How to complete this task => For this exercise, output exactly and only the lines running from the one with "Menu du restaurant" through the final line of the data below, without pictures.

Data block =>
▼
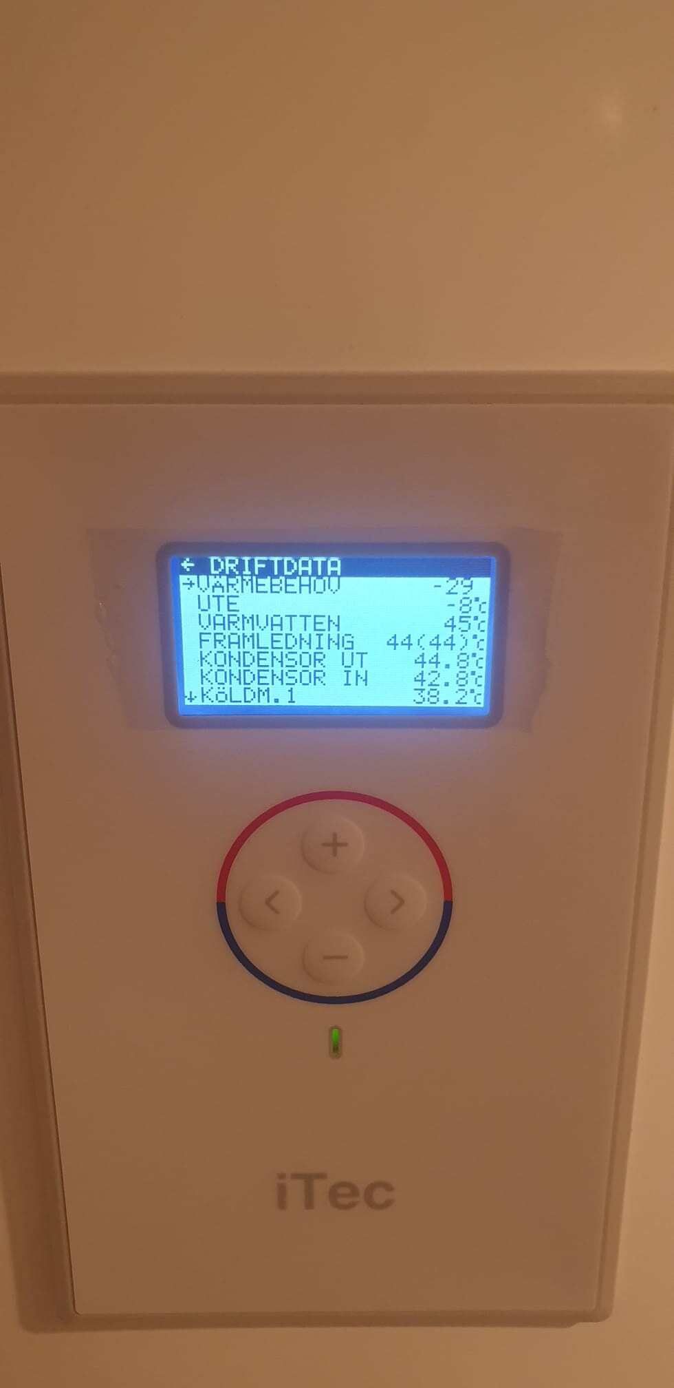 Jag har en Thermia iTec Eco Total EQ 8kW med 60 liter bufferttank installerad och i bruk från 20230215, Mitt hus är på 185m2 + 10m2 verkstad där innedelen är placerad. Vi är 2 pensionärer med bottenvåning på 120m2 och värme satt till +22 och 65m2 övervåning med +18 i tre sovrum och allrum med +20. Övervåningen har Danfoss ECO termostater som fungerar perfekt. Innan värmepumpen hade vi elpanna och varmvattenberedare och vanliga vattenburna element. Förbrukning de närmaste åren innan värmepumpen varierade årsförbrukningen mellan 19000-22000 kWh. Under 2024 var förbrukningen 8100kWh. Spillvärmen från kopparrören i verkstaden till utedelen värmer till ca 17C. Nu har jag provat mig fram till lagom isolering av rören för denna innetemperatur. Tidigare värmdes detta rum med ett 500W elelement. Kolla mina bilder för förbrukning och driftsdata. Förbrukningen tills nu under februari blir högre än förra året. När yttertemperaturen är under -10C går tillsatsvärmen igång. Av driftstiden på displayen är 24h från instalationdagarna då innedelen gick utan ytterdel. Jag bor strax norr om Göteborg och ytterdelen står på husets sydsidaR Rk1998 skrev:Hej,
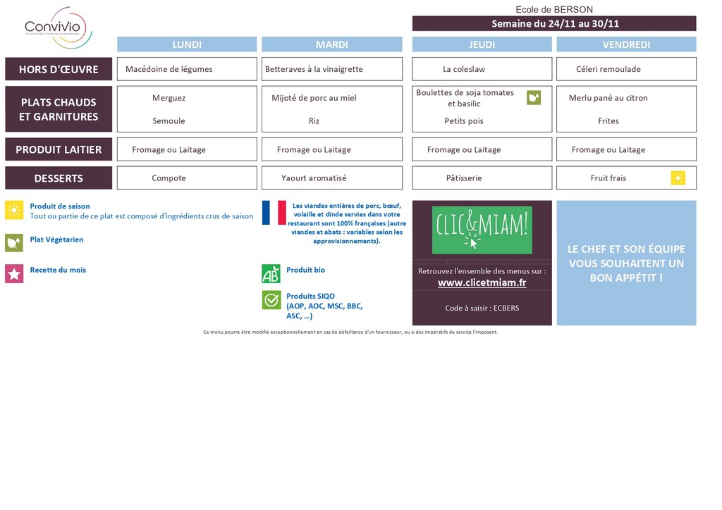 Menu du restaurant scolaire de l'école de Berson du lundi 24 au vendredi 30 novembre 2025
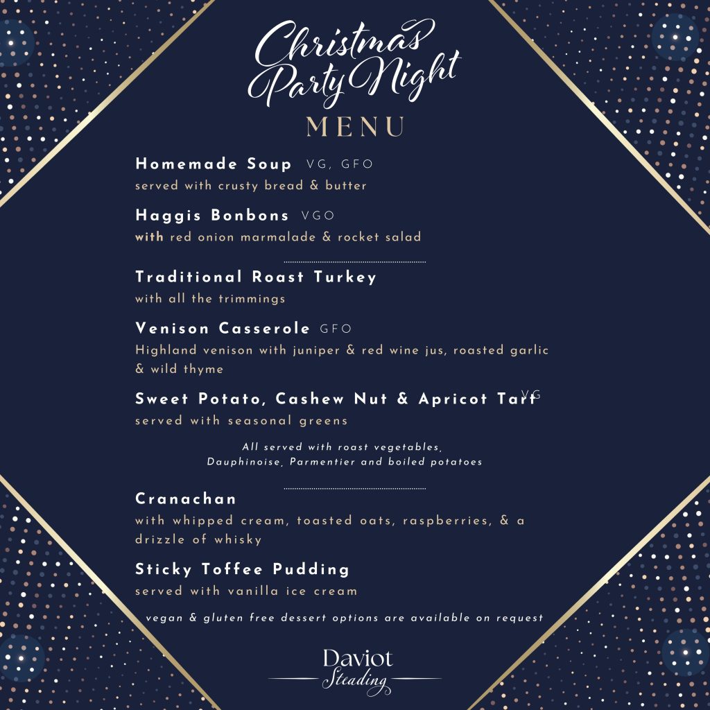 Join us at Daviot Steading on Saturday 20 December 2025 for a Christmas celebration packed with great food, fizz, and plenty of fun.
▲
Result below =>
 Menu du restaurant scolaire de l'école de Berson du lundi 24 au vendredi 30 novembre 2025
 Join us at Daviot Steading on Saturday 20 December 2025 for a Christmas celebration packed with great food, fizz, and plenty of fun.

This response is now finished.